Um resultado que só fica a ganhar pela forma como Sampha domina o ritmo acelerado e toma proveito desse sujeito para descrever um refrão pulsante e domado pela sua humanidade. Para além das duas primeiras faixas, o álbum acolhe um número de momentos memoráveis onde Sisay consegue domar a sua versatilidade no timbre e estrutura das músicas, algo que está em constante demonstração na elaborada forma de transcender os versos em algo muito mais real e sincero. O gospel desalmado deixa-se fluir como um ornamento de nostalgia na “(No One Knows Me) Like The Piano” e a “Under” é um sonho lo-fi com uma suposta femme fatale ao ritmo de uma batida despida a inclinar-se muito para o dub/trip-hop que lembra bastante as melodias adormecidas de Massive Attack.

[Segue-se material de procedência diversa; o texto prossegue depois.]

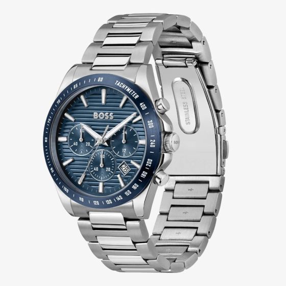 Experience the BOSS Strike Chronograph Blue Dial Stainless Steel Watch by BOSS, offering precise chronograph timing and timeless style for everyday wear and formal occasions.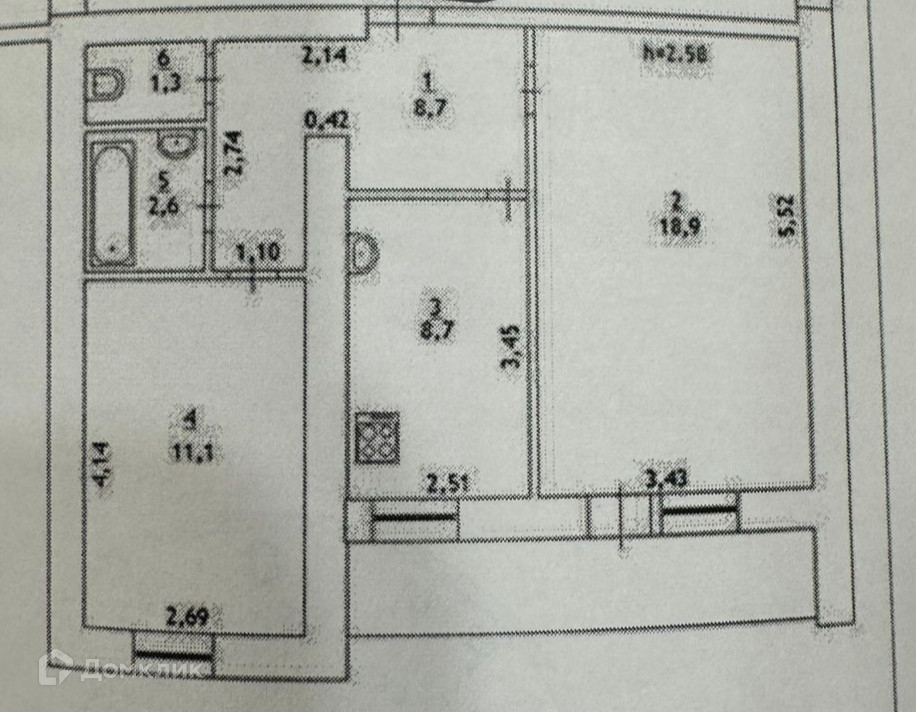 Общая площадь 51 м2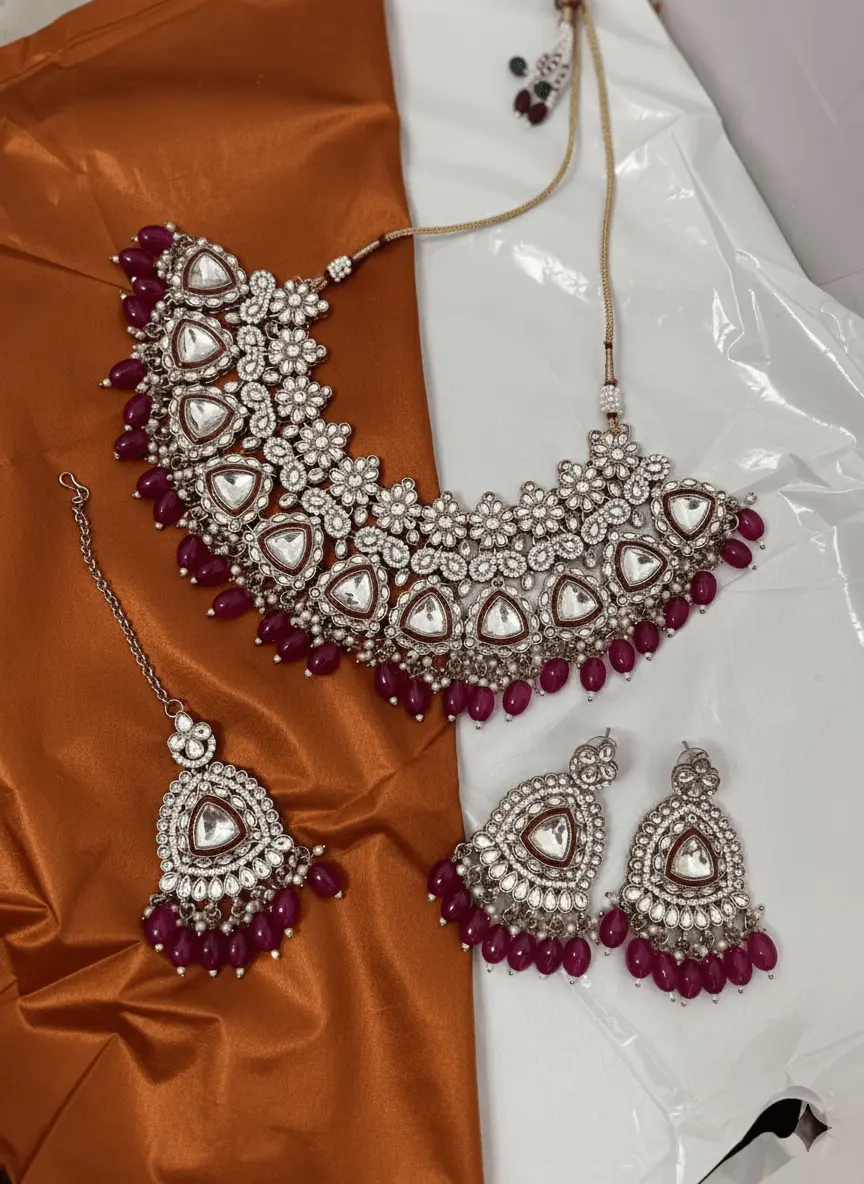 Deep Purple Kundan Stone Necklace Set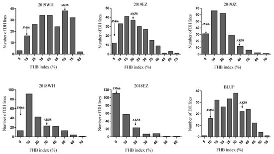 Frequency distribution of FHB index for 209 doubled haploid lines derived from Jingzhou66 and Aikang 58. All data are means of two replicates for each environment. Arrows indicate the disease severities of the parents. WH, Wuhan; EZ, E’zhou; JZ, Jingzhou; best linear unbiased prediction (BLUP).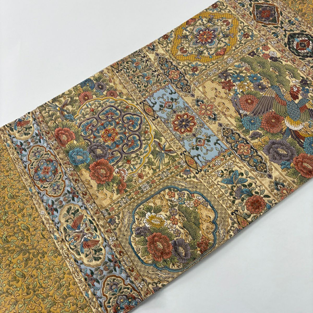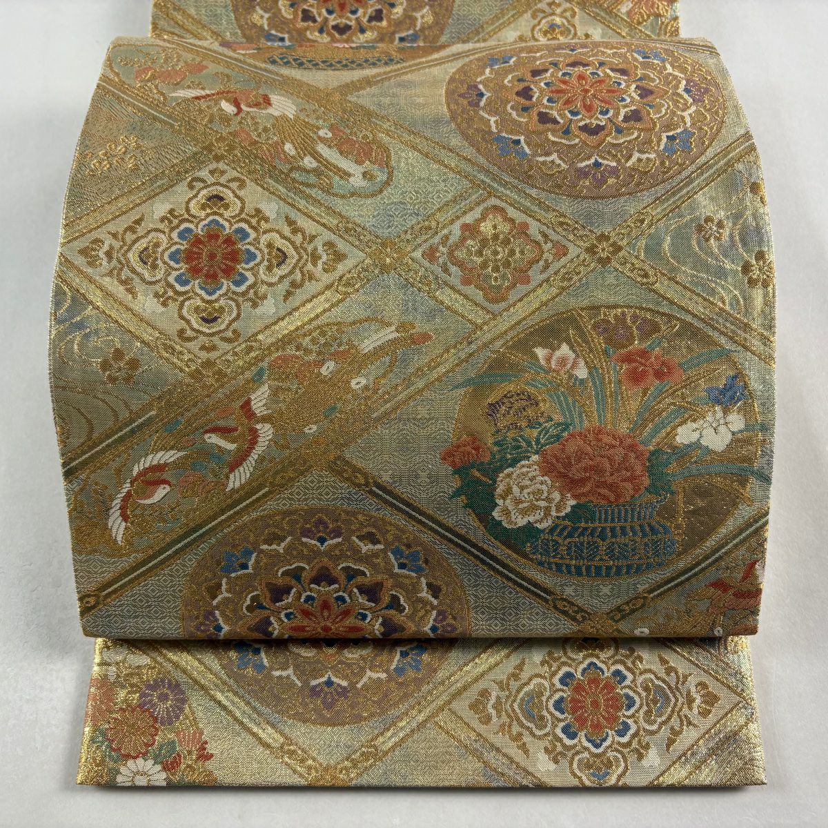 袋帯 秀品 鳳凰 草花 金糸 箔 金色 六通 正絹

“Incomplete Kisses” é sem dúvida a faixa mais melódica e complexa em termos de organização, e ironicamente a que mais condições mostra para ser o próximo single do álbum e potencialmente, com algum investimento da editora, um dia pertencer às nossas frequências de rádio. O balanço é maioritariamente positivo. Tomando em conta o risco que havia, Sampha conseguiu agarrar a oportunidade e criar algo único e promissor, que à imagem do artista desenha traços de personalidade incrivelmente diversos, desenvolvidos e inteligentemente ligados. Resta esperar e aguardar pelo dia 10 de junho, no Parque do Porto, para o último dia do NOS Primavera Sound para podermos ter o prazer de conhecer Sampha “cara-a-cara”.